[Stored items from a collection]
=== Begin Enclosure ===

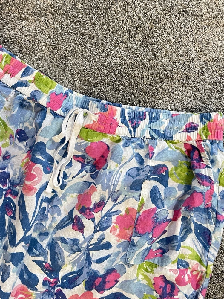 19” across waist laying flat 22” across waist laying flat with stretch 19” Inseam 14” rise Like New or very close
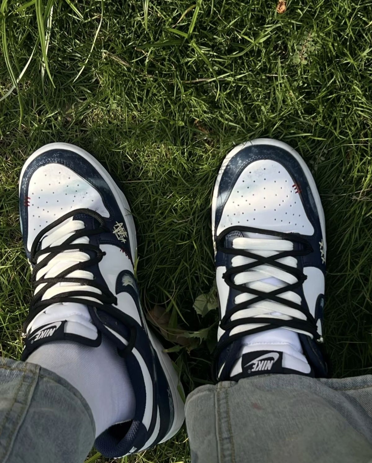 本篇笔记关联了【定制球鞋】 Nike Dunk 板鞋 平跟系带防滑耐磨做旧高街简约百搭潮流复古美式 靛蓝笔触等商品,为用户提供真实的使用体验和购买参考。
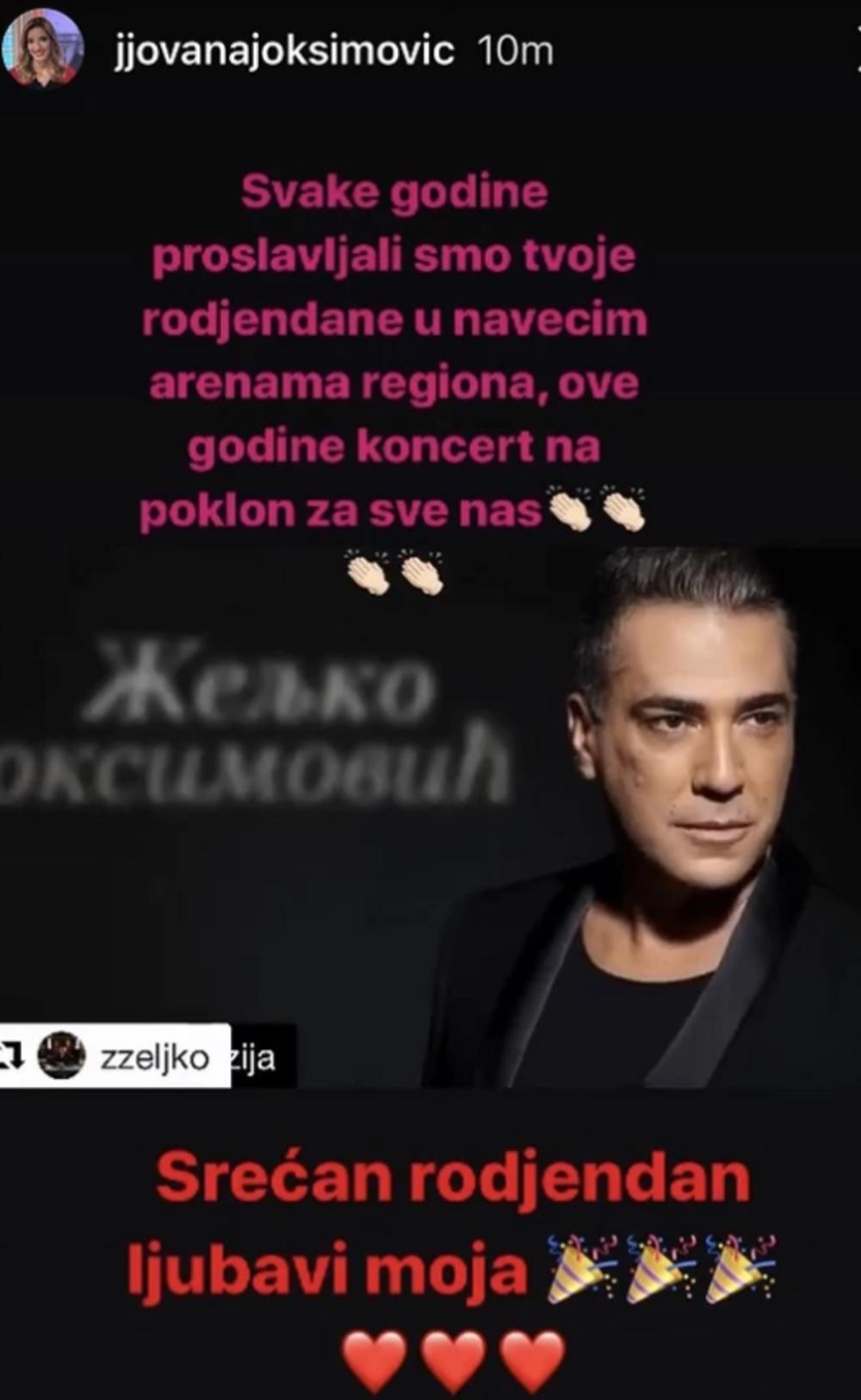 - Svake godine proslavljali smo tvoje rođendane u najvećim arenama regiona, ove godine koncert na poklon za sve nas. Srećan rođendan ljubavi moja - čestitala je Jovana emotivnim rečima...
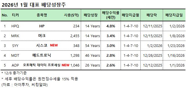 2026년 1월에 배당을 지급하는 대표 배당성장주로는 HP(HPQ), 머크(MRK), 시스코(SYY), 메드트로닉(MDT), 오토매틱 데이터 프로세싱(ADP) ​5개 종목이 선정되었습니다.
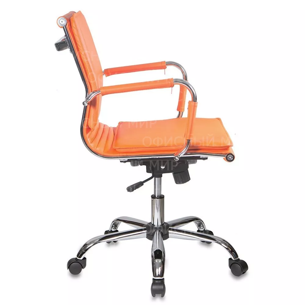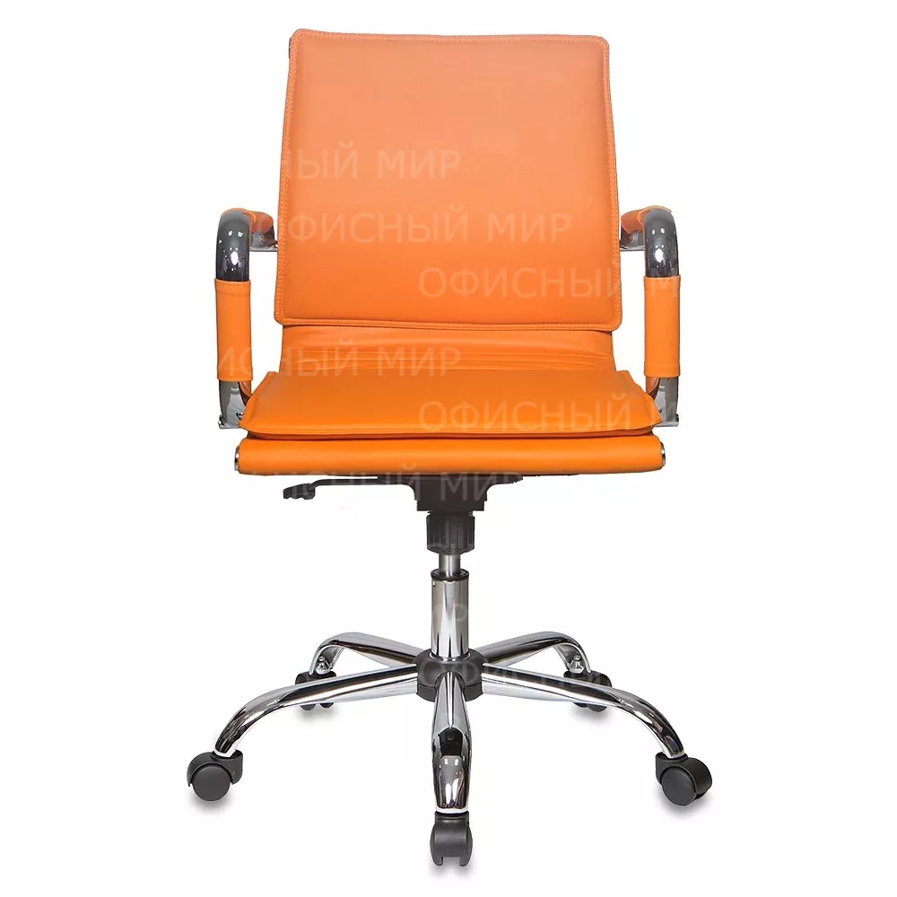 Кресло руководителя Бюрократ CH-993-Low оранжевый экокожа низк.спин. крестов. металл хром
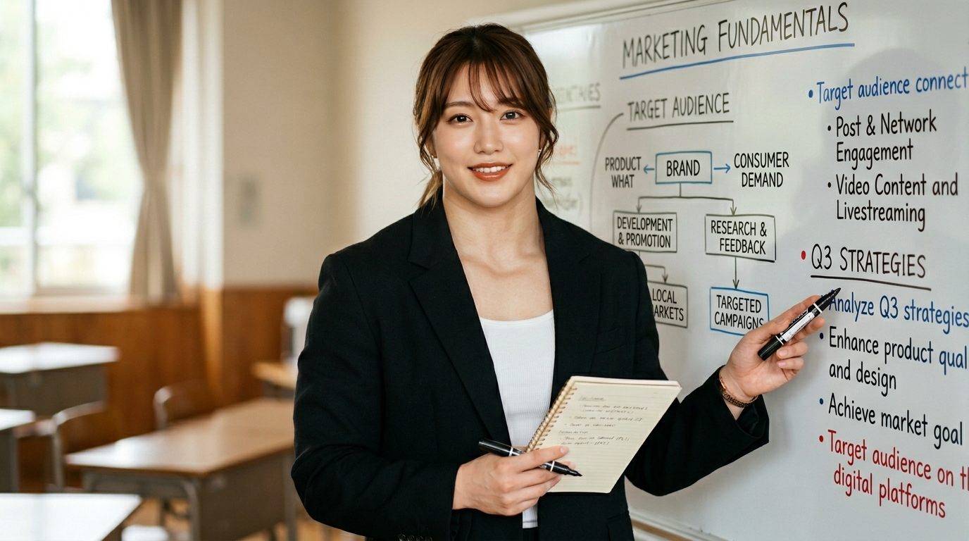 A Japanese woman in her early 20s, tall (around 170–179 cm), wearing a black suit with a white tank top and a necklace, standing in front of a whiteboard and speaking like a teacher, only one person in frame, with extremely broad shoulders exaggerated to be as wide as a man's and a very thick neck exaggerated to be wider than her face, possessing an athletic and exceptionally well-proportioned physique, large eyes, glossy lips, radiant smooth skin, with a contrasting gap in aura between appearance and presence.
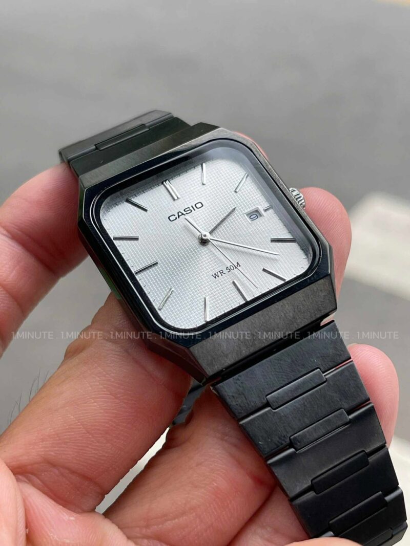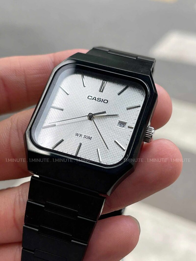 Điểm nổi bật đầu tiên của Casio MTP-B185B-7A nằm ở phần mặt số màu trắng tinh khôi, kết hợp cùng cọc số và kim giờ dạng stick mảnh mai, phủ tông bạc hài hòa với dây và vỏ đen mạ PVD. Logo Casio được đặt gọn gàng ở vị trí 12 giờ, trong khi ô lịch ngày nằm ở vị trí 3 giờ giúp người đeo thuận tiện theo dõi thời gian.
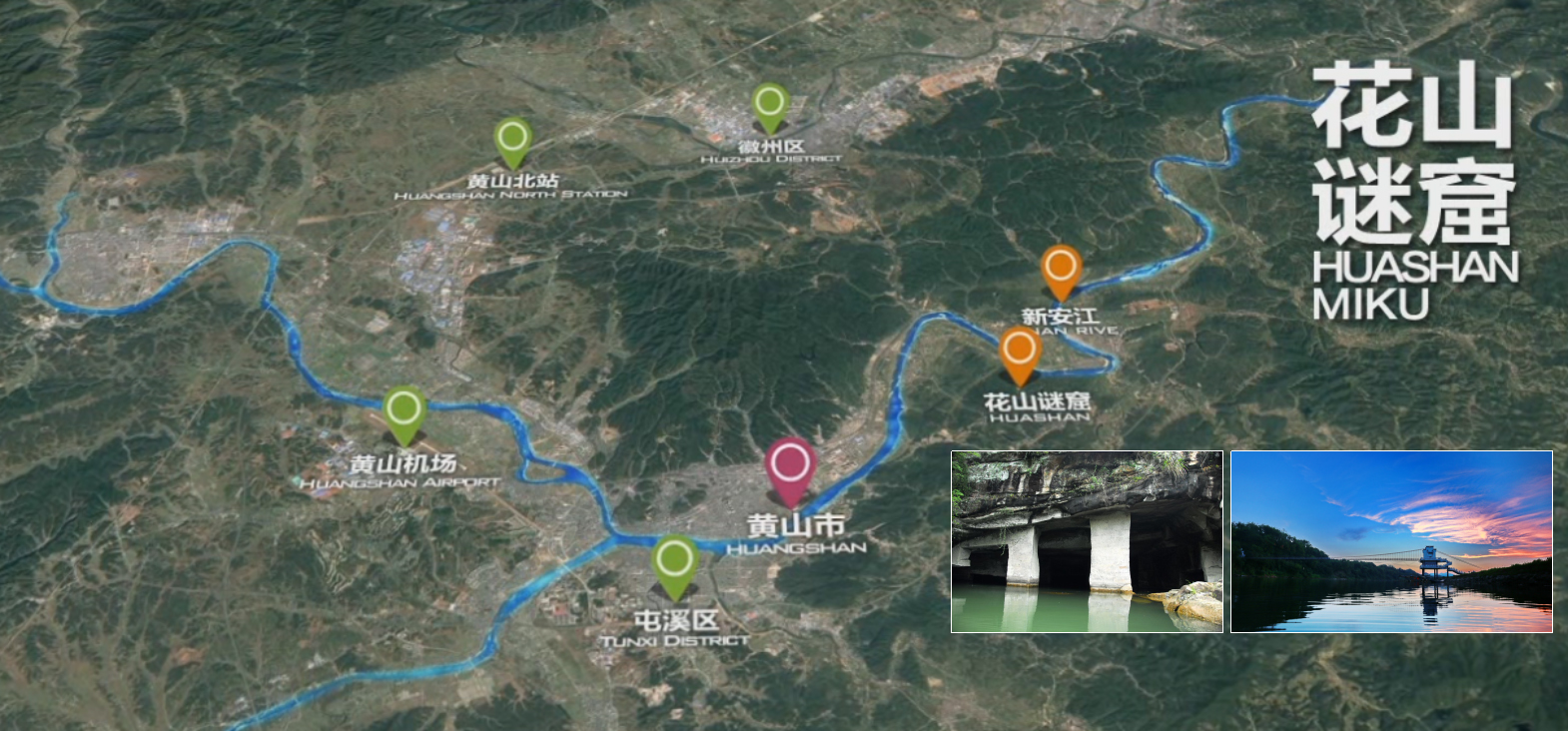 花山谜窟风景区地处黄山市中心城区东郊,距市区8km,面积20.62km²。景区毗邻新安江,以千年谜窟为核心看点,搭配山、林、湖、村资源,2000年对外营业,发展观光旅游,目前已是国家级重点风景名胜区、国家4A级旅游景区。

=== End Enclosure ===

▶ **EXERCISE BRIEF**
Repeat each record verbatim, pictures excluded.

▶ **EXERCISE SOLUTION**
 19” across waist laying flat 22” across waist laying flat with stretch 19” Inseam 14” rise Like New or very close
 本篇笔记关联了【定制球鞋】 Nike Dunk 板鞋 平跟系带防滑耐磨做旧高街简约百搭潮流复古美式 靛蓝笔触等商品,为用户提供真实的使用体验和购买参考。
 - Svake godine proslavljali smo tvoje rođendane u najvećim arenama regiona, ove godine koncert na poklon za sve nas. Srećan rođendan ljubavi moja - čestitala je Jovana emotivnim rečima...
 2026년 1월에 배당을 지급하는 대표 배당성장주로는 HP(HPQ), 머크(MRK), 시스코(SYY), 메드트로닉(MDT), 오토매틱 데이터 프로세싱(ADP) ​5개 종목이 선정되었습니다.
 Кресло руководителя Бюрократ CH-993-Low оранжевый экокожа низк.спин. крестов. металл хром
 A Japanese woman in her early 20s, tall (around 170–179 cm), wearing a black suit with a white tank top and a necklace, standing in front of a whiteboard and speaking like a teacher, only one person in frame, with extremely broad shoulders exaggerated to be as wide as a man's and a very thick neck exaggerated to be wider than her face, possessing an athletic and exceptionally well-proportioned physique, large eyes, glossy lips, radiant smooth skin, with a contrasting gap in aura between appearance and presence.
 Điểm nổi bật đầu tiên của Casio MTP-B185B-7A nằm ở phần mặt số màu trắng tinh khôi, kết hợp cùng cọc số và kim giờ dạng stick mảnh mai, phủ tông bạc hài hòa với dây và vỏ đen mạ PVD. Logo Casio được đặt gọn gàng ở vị trí 12 giờ, trong khi ô lịch ngày nằm ở vị trí 3 giờ giúp người đeo thuận tiện theo dõi thời gian.
 花山谜窟风景区地处黄山市中心城区东郊,距市区8km,面积20.62km²。景区毗邻新安江,以千年谜窟为核心看点,搭配山、林、湖、村资源,2000年对外营业,发展观光旅游,目前已是国家级重点风景名胜区、国家4A级旅游景区。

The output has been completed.